Lorraine Avila (she/they) is a Bronxite with Caribbean roots in the Dominican Republic. Her mission is to break free from generational trauma by continuing to rupture traditions of silence. Avila is the author of Malcriada and Other Stories (DWA), Celestial Summer (out Spring 2022), and The Making of Yolanda La Bruja (forthcoming Spring 2023 from Levine Querido).

Avila has a BA from Fordham University in English and Middle East studies with a minor in Creative Writing and an MA in Teaching from New York University. She is an anti-racist educator; her expertise lies in middle school literacy and curriculum design. As of 2021, she teaches composition at the university level.
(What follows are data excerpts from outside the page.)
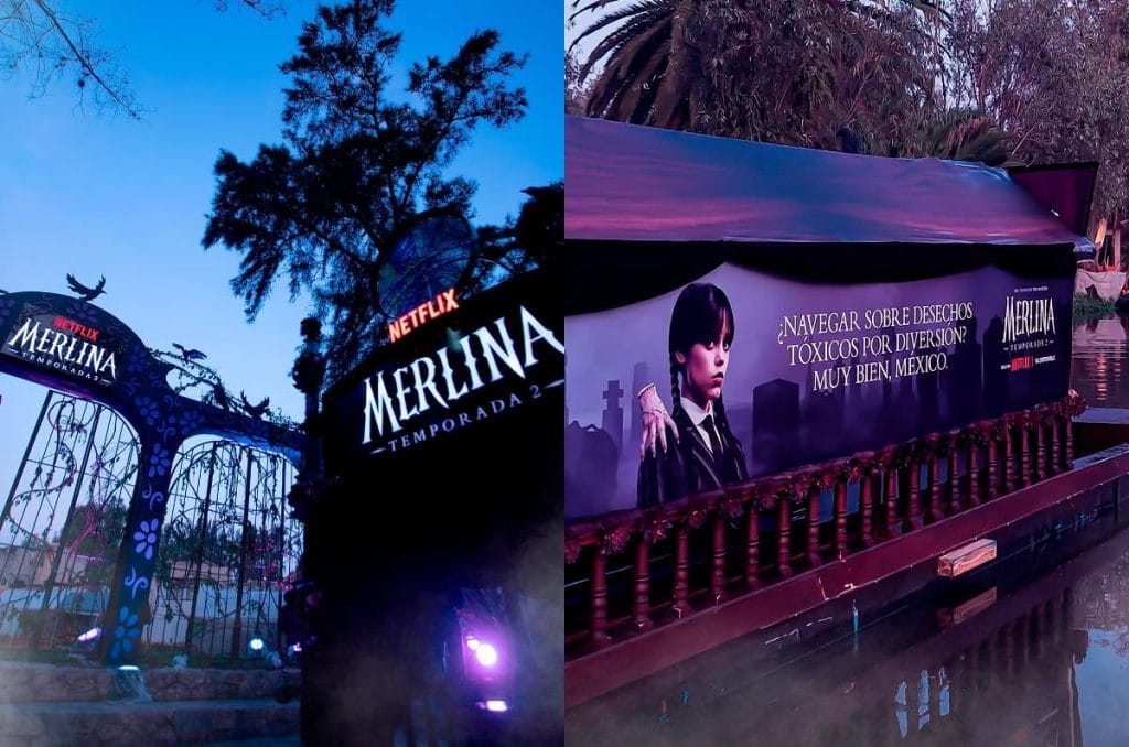 Para celebrar el estreno de la segunda parte de la temporada 2 de “Merlina”, Netflix instaló una trajinera temática en el lago de Xochimilco. La trajinera y un portón metálico decorado en negro, blanco, violeta y café pueden visitarse gratis y estarán disponibles hasta hoy 16 de septiembre, ¡aprovechen!.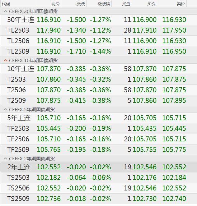 长端利率债的收益率快速上行,而短端利率债的收益率走势相对平稳。在此背景下,30年期国债期货、10年期国债期货等大跌,而2年期国债期货则微幅下跌。截至收盘,30年期国债期货跌1.27%,10年期国债期货跌0.36%,5年期国债期货跌0.16%,而2年期国债期货的跌幅为0.02%。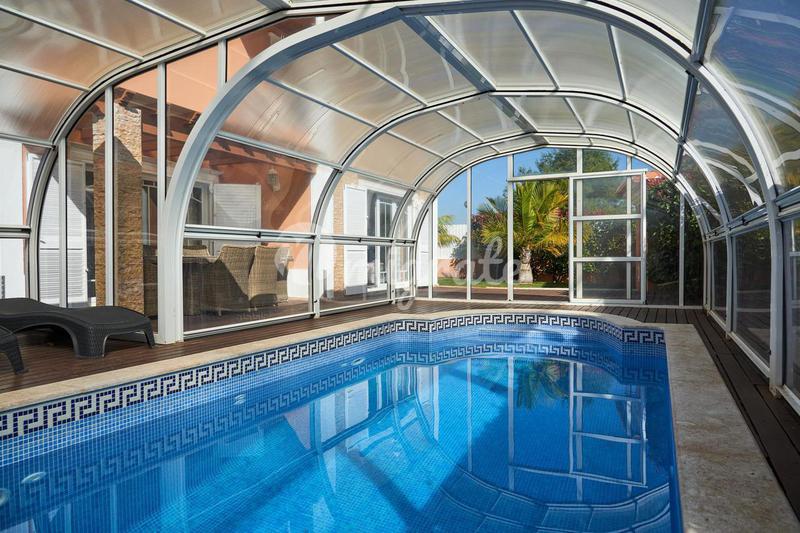 Этот двухэтажный дом имеет крышу с видом на море. На первом этаже есть прихожая и гостиная на южной стороне с выходом в сад и к бассейну с подогревом (длиной 17 метров) с гидромассажной ванной. В гост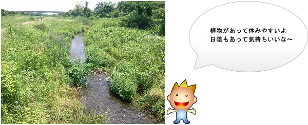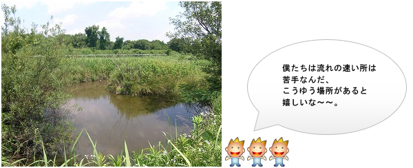 こちらはワンドと呼ばれ、本流と繋がっていますが流れの停滞している場所で稚魚が育つに適した場所となるそうです。

Avila is an MFA candidate at Pittsburgh University, a K. Leroy Irvis Fellow. In 2021, she received the Josephine and John McCloskey Memorial Nationality Room Scholarship and the Dietrich Diversity Research Grant. Avila is a VONA alumni and a Pushcart nominee. In 2020, she completed a successful Kickstarter campaign to self-publish Celestial Summer, a graphic novel that centers Black love, healing, and psychedelics (forthcoming Spring 2022.)

Her writing has been published in Teen Vogue, Bitch Media, Tasteful Rude, Our House LA, Latino USA, Catapult Magazine, Asteri(x) Journal, Hippocampus Magazine, Moko Magazine, The GirlMob, Accentos Review, La Galeria Magazine, and Blavity.

Avila spends the majority of her time between Pittsburgh, The Bronx, and the Dominican Republic.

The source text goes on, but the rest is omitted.